Pictures in the records are to be omitted; everything else is copied exactly.

Data section -
———

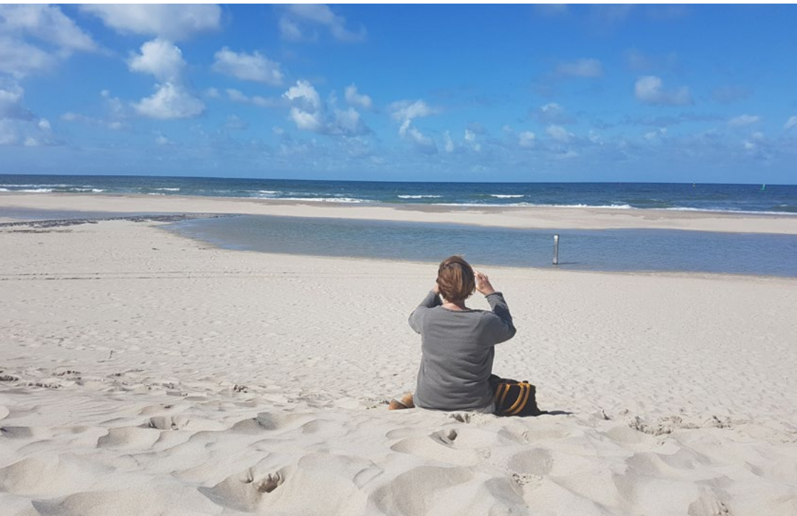
Auch in der Saison oft menschenleer: die weiten Sandstrände auf Vlieland
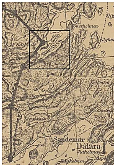
Karta från ca 1870.
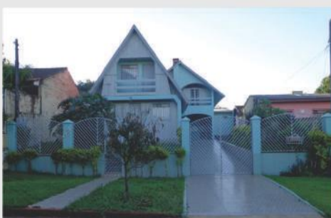
Kalé localizado na Rua Marumbi, 390. Imóvel com 02 Suítes com sacada; 01 Quarto com sacada; 01 Sala; 02 Cozinha; 01 Banheiro Social; 01 Lavanderia; 01 Edícula com 02 quartos, sala cozinha e banheiro; 02 vagas de garagem. Valor para venda R$370.000,00
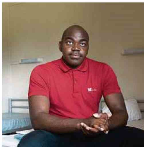
Paulin, à Montry (Seine-et-Marne), le 11 juin.
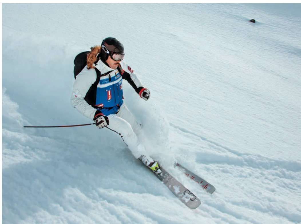
Во время покорения очередного спуска
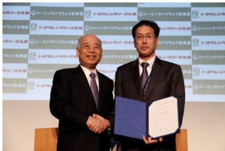
トヨタレンタリース札幌
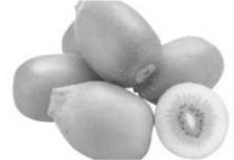
ニュージーランド産 ゴールドキウイ 1個
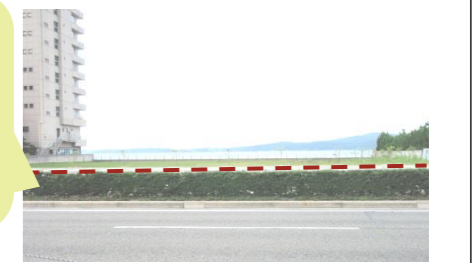
写真：ホテル海望駐車場（和倉町）
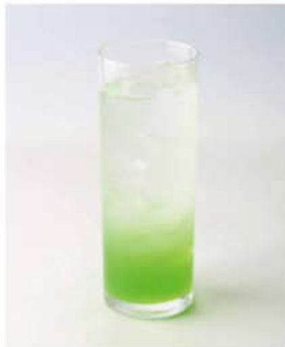
グリーンアップル ¥700
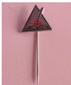
GMJ Ž 4909; Značka Elektrode Jesenice, Jesenice, 1989, pridobitev: 2022.
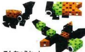
こんちゅうセット
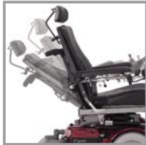
Elektrisch verstellbare Rückenlehne
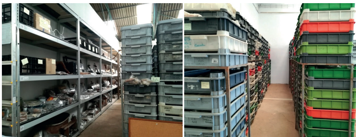
Figura 9 – Aspeto geral da Área Técnica da Mina de S. Domingos onde se localiza a reserva de arqueologia e de etnografia.
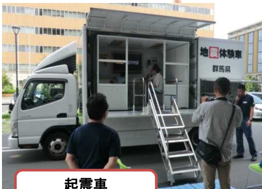
起震車 震度7の体験
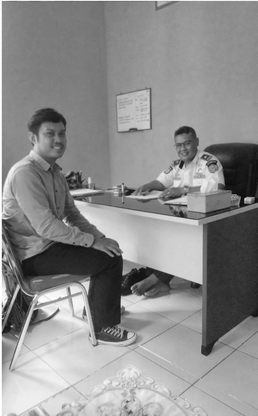
WAWANCARA DENGAN KEPALA DINAS PERHUBUNGAN KABUPATEN BARRU
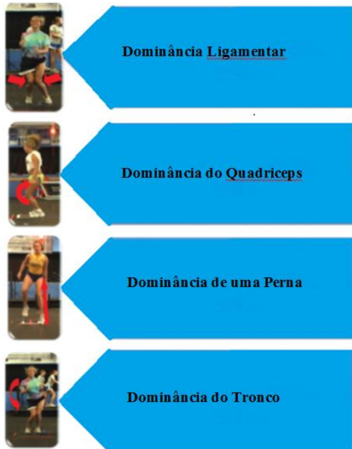
Imagem 1: Classificação dos défices neuromusculares segundo Hewett et al

correspondente desvio do centro de massa, o que acarreta maior risco de lesão do LCA (imagem 1) (10).
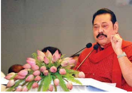
திசாநாயக்க எழுப்பிய கேள்விக்கு பதிலளித்த அவர், கொழும்பு துறைமுகம் நாட்டின் வளர்ச்சிக்கு

இந்தியாவின் வெளிவிசார அமைச்சர் ஜெய்சங்கர் கொழும்புக்கு இரு நாள் பயணமாக வந்துள்ள நிலையிலேயே இவ்வாறானதொரு நிலைப்பாடு அறிவிக்கப்பட்டுள்ளது. நாடாளுமன்றத்தில் அநுரகுமார
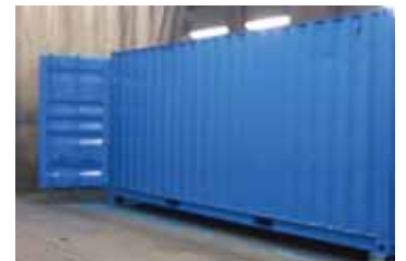
Interthane 990 afwerklaag voltooid op dag 2
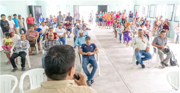
OBRA CON una inversión de más de 1.8 millones de pesos en la construcción de un espacio destinado a fortalecer la convivencia y el bienestar social en el ejido.

nadas a fortalecer la igualdad, la participación activa y el desarrollo deportivo en el municipio, promoviendo espacios donde las mujeres puedan demostrar su capacidad y liderazgo. Con este encuentro, el Ayuntamiento reafirma su compromiso de seguir impulsando iniciativas que fomenten la inclusión y el empoderamiento femenino a través del deporte, invitando a las familias palencanas a sumarse y apoyar a las atletas en esta significativa celebración.
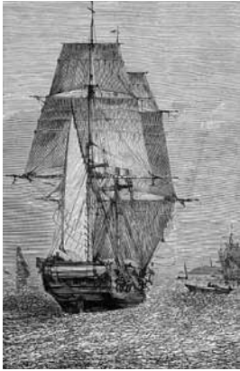
Le Beagle , à bord duquel Darwin et le capitaine Robert Fitzroy voyagèrent autour du monde de 1831 à 1836.

Le collage elliptique propose de manière impressionniste des éléments de débat autour de la modification du génome, du refus du vieillissement ou de l’immortalité, sur un ton ludique. Inévitablement, le propos autour de Darwin nous ramène au cœur de l’espèce. Qu’est-ce qu’un humain ? Le cerveau d’un être humain s’explique comment ? Comment évaluer le statut de l’humain parmi les autres mammifères ? Que nous apportent de doutes, de craintes, de réflexions, les dernières recherches en biologie moléculaire ?
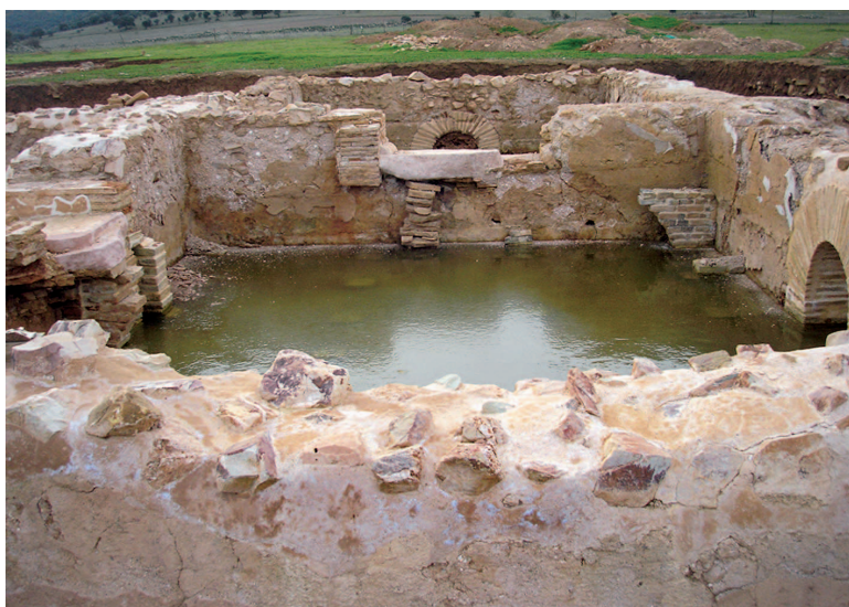
Fotografía realizada en enero de 2011, tras un periodo de lluvias y heladas en el que se inundaron considerablemente varias de las estancias del conjunto termal.

tancias y genera la degradación de los materiales constructivos, sobre todo los morteros, y la separación de los diferentes estratos que componen las construcciones. No obstante, además del deterioro producido por los agentes meteorológicos, debemos añadir el provocado por la acción humana: gran parte del material constructivo de las termas fue expoliado en época posterior para su reutilización, de lo que se deriva la desaparición de elementos como ladrillos, mampostería, etc., que en el mejor de los casos provenían de los derrumbes; pero en otros casos eran directamente extraídos de las unidades constructivas afectando a su estabilidad, como es el caso de dos vanos con forma de arco de medio punto que se hallaban en peligro de derrumbe al inicio de la campaña, ya que de ellos lo único que quedaba era el opus caementicium con la forma del vano, al haber desaparecido las dovelas de ladrillo que componían el arco.
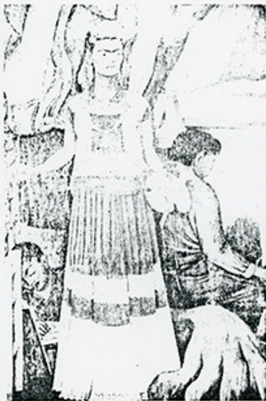
Frida Kahlo, por Diego Rivera. Detalle de un mural en el City College de San Francisco.
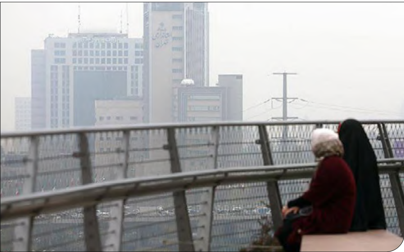
— ۱۰۰ —

مدیر واحد پایش کنترل کیفیت هوای تهران، علت کاهش کیفیت هوا را در این ماه، کاهش بارندگی و ایجاد کانون‌های گردوغبار در اثر خشکسالی برشمرده بود
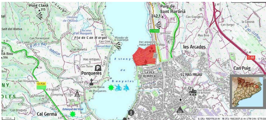
Situació del lloc d'intervenció assenyalat en vermell.

Les coordenades UTM 31 N/ETR S89 són: x: 480130.9 y:4663787.0 z:173,4 (centre parc)
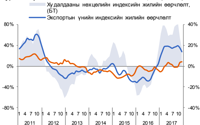
Зураг 3. Худалдааны нөхцөлийн индекс /3 сарын гулсах дундаж/

Гадаад худалдааны нөхцөлийн индекс 12 дугаар сард өмнөх оны мөн үеэс 15%-иар өссөн, өмнөх сараас 6%-иар тус тус өсөн 1.75-д хүрлээ. Тайлант сард зэс, нүүрс болон ямааны угаасан ноолуурын экспортын үнэ өссөнөөр худалдааны нөхцөл өмнөх сараас сайжирлаа.
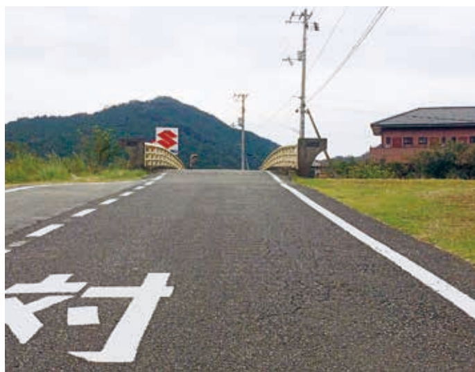
見通しのきかない嵐橋

うが約2億円安くなり、なお精査が必要。し尿処理について方向性を出し、検討を進める。
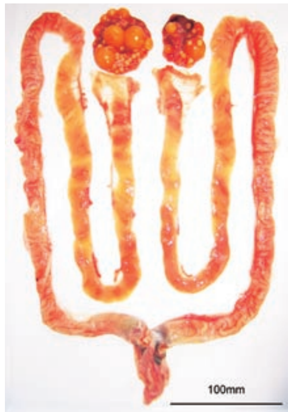
Fig. 3 Ovarian follicles and oviducts of the female. Oviduct length, 945 mm (left) ; 863 mm (right).

特定外来生物に指定されたカミツキガメの輸入と販売、繁殖は行われていない。そのため、幼体と判断された2個体は、野外で繁殖したものと判断した。本調査では、野外において卵や孵化後に残る卵殻は確認されなかった。しかし、千葉県佐倉市では、カミツキガメの卵が野外で確認されており、2008年6月12日には印旛沼に流れ込む高崎川の土手で、1クラッチ46個のカミツキガメの卵が発見され、その巣では9月19日から21日の間に13個体の幼体
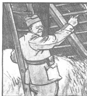
„Da hat's ja Löcher im Dach! Hat keiner ein paar Schindeln im Sack?“
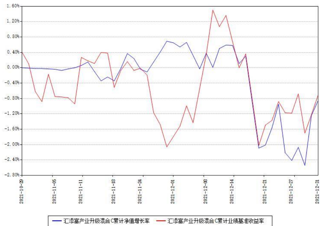
汇添富产业升级混合C累计净值增长率与同期业绩基准收益率对比图
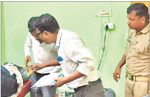
बिलसंडा सीएचसी में घायल का इलाज करती टीम।
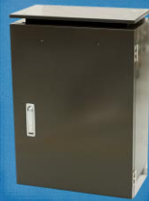
メッセージモニター LA(C)160-4(RG)-0
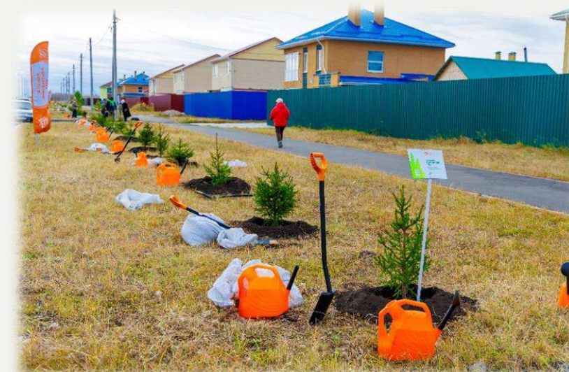
На ул. Анатолия Брижана высажены ели
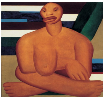
Figura 10. A Negra (Tarsila do Amaral, 1923).

Tarsila do Amaral, pintora brasileira, em sua obra intitulada A Negra 13 retratou uma mulher negra com seio grande, referindo-se a um dos papéis da mulher escrava.

———

Written answer -
Auch in der Saison oft menschenleer: die weiten Sandstrände auf Vlieland
Karta från ca 1870.
Kalé localizado na Rua Marumbi, 390. Imóvel com 02 Suítes com sacada; 01 Quarto com sacada; 01 Sala; 02 Cozinha; 01 Banheiro Social; 01 Lavanderia; 01 Edícula com 02 quartos, sala cozinha e banheiro; 02 vagas de garagem. Valor para venda R$370.000,00
Paulin, à Montry (Seine-et-Marne), le 11 juin.
Во время покорения очередного спуска
トヨタレンタリース札幌
ニュージーランド産 ゴールドキウイ 1個
写真：ホテル海望駐車場（和倉町）
グリーンアップル ¥700
GMJ Ž 4909; Značka Elektrode Jesenice, Jesenice, 1989, pridobitev: 2022.
こんちゅうセット
Elektrisch verstellbare Rückenlehne
Figura 9 – Aspeto geral da Área Técnica da Mina de S. Domingos onde se localiza a reserva de arqueologia e de etnografia.
起震車 震度7の体験
WAWANCARA DENGAN KEPALA DINAS PERHUBUNGAN KABUPATEN BARRU
Imagem 1: Classificação dos défices neuromusculares segundo Hewett et al

correspondente desvio do centro de massa, o que acarreta maior risco de lesão do LCA (imagem 1) (10).
திசாநாயக்க எழுப்பிய கேள்விக்கு பதிலளித்த அவர், கொழும்பு துறைமுகம் நாட்டின் வளர்ச்சிக்கு

இந்தியாவின் வெளிவிசார அமைச்சர் ஜெய்சங்கர் கொழும்புக்கு இரு நாள் பயணமாக வந்துள்ள நிலையிலேயே இவ்வாறானதொரு நிலைப்பாடு அறிவிக்கப்பட்டுள்ளது. நாடாளுமன்றத்தில் அநுரகுமார
Interthane 990 afwerklaag voltooid op dag 2
OBRA CON una inversión de más de 1.8 millones de pesos en la construcción de un espacio destinado a fortalecer la convivencia y el bienestar social en el ejido.

nadas a fortalecer la igualdad, la participación activa y el desarrollo deportivo en el municipio, promoviendo espacios donde las mujeres puedan demostrar su capacidad y liderazgo. Con este encuentro, el Ayuntamiento reafirma su compromiso de seguir impulsando iniciativas que fomenten la inclusión y el empoderamiento femenino a través del deporte, invitando a las familias palencanas a sumarse y apoyar a las atletas en esta significativa celebración.
Le Beagle , à bord duquel Darwin et le capitaine Robert Fitzroy voyagèrent autour du monde de 1831 à 1836.

Le collage elliptique propose de manière impressionniste des éléments de débat autour de la modification du génome, du refus du vieillissement ou de l’immortalité, sur un ton ludique. Inévitablement, le propos autour de Darwin nous ramène au cœur de l’espèce. Qu’est-ce qu’un humain ? Le cerveau d’un être humain s’explique comment ? Comment évaluer le statut de l’humain parmi les autres mammifères ? Que nous apportent de doutes, de craintes, de réflexions, les dernières recherches en biologie moléculaire ?
Fotografía realizada en enero de 2011, tras un periodo de lluvias y heladas en el que se inundaron considerablemente varias de las estancias del conjunto termal.

tancias y genera la degradación de los materiales constructivos, sobre todo los morteros, y la separación de los diferentes estratos que componen las construcciones. No obstante, además del deterioro producido por los agentes meteorológicos, debemos añadir el provocado por la acción humana: gran parte del material constructivo de las termas fue expoliado en época posterior para su reutilización, de lo que se deriva la desaparición de elementos como ladrillos, mampostería, etc., que en el mejor de los casos provenían de los derrumbes; pero en otros casos eran directamente extraídos de las unidades constructivas afectando a su estabilidad, como es el caso de dos vanos con forma de arco de medio punto que se hallaban en peligro de derrumbe al inicio de la campaña, ya que de ellos lo único que quedaba era el opus caementicium con la forma del vano, al haber desaparecido las dovelas de ladrillo que componían el arco.
Frida Kahlo, por Diego Rivera. Detalle de un mural en el City College de San Francisco.
— ۱۰۰ —

مدیر واحد پایش کنترل کیفیت هوای تهران، علت کاهش کیفیت هوا را در این ماه، کاهش بارندگی و ایجاد کانون‌های گردوغبار در اثر خشکسالی برشمرده بود
Situació del lloc d'intervenció assenyalat en vermell.

Les coordenades UTM 31 N/ETR S89 són: x: 480130.9 y:4663787.0 z:173,4 (centre parc)
Зураг 3. Худалдааны нөхцөлийн индекс /3 сарын гулсах дундаж/

Гадаад худалдааны нөхцөлийн индекс 12 дугаар сард өмнөх оны мөн үеэс 15%-иар өссөн, өмнөх сараас 6%-иар тус тус өсөн 1.75-д хүрлээ. Тайлант сард зэс, нүүрс болон ямааны угаасан ноолуурын экспортын үнэ өссөнөөр худалдааны нөхцөл өмнөх сараас сайжирлаа.
見通しのきかない嵐橋

うが約2億円安くなり、なお精査が必要。し尿処理について方向性を出し、検討を進める。
Fig. 3 Ovarian follicles and oviducts of the female. Oviduct length, 945 mm (left) ; 863 mm (right).

特定外来生物に指定されたカミツキガメの輸入と販売、繁殖は行われていない。そのため、幼体と判断された2個体は、野外で繁殖したものと判断した。本調査では、野外において卵や孵化後に残る卵殻は確認されなかった。しかし、千葉県佐倉市では、カミツキガメの卵が野外で確認されており、2008年6月12日には印旛沼に流れ込む高崎川の土手で、1クラッチ46個のカミツキガメの卵が発見され、その巣では9月19日から21日の間に13個体の幼体
„Da hat's ja Löcher im Dach! Hat keiner ein paar Schindeln im Sack?“
汇添富产业升级混合C累计净值增长率与同期业绩基准收益率对比图
बिलसंडा सीएचसी में घायल का इलाज करती टीम।
メッセージモニター LA(C)160-4(RG)-0
На ул. Анатолия Брижана высажены ели
Figura 10. A Negra (Tarsila do Amaral, 1923).

Tarsila do Amaral, pintora brasileira, em sua obra intitulada A Negra 13 retratou uma mulher negra com seio grande, referindo-se a um dos papéis da mulher escrava.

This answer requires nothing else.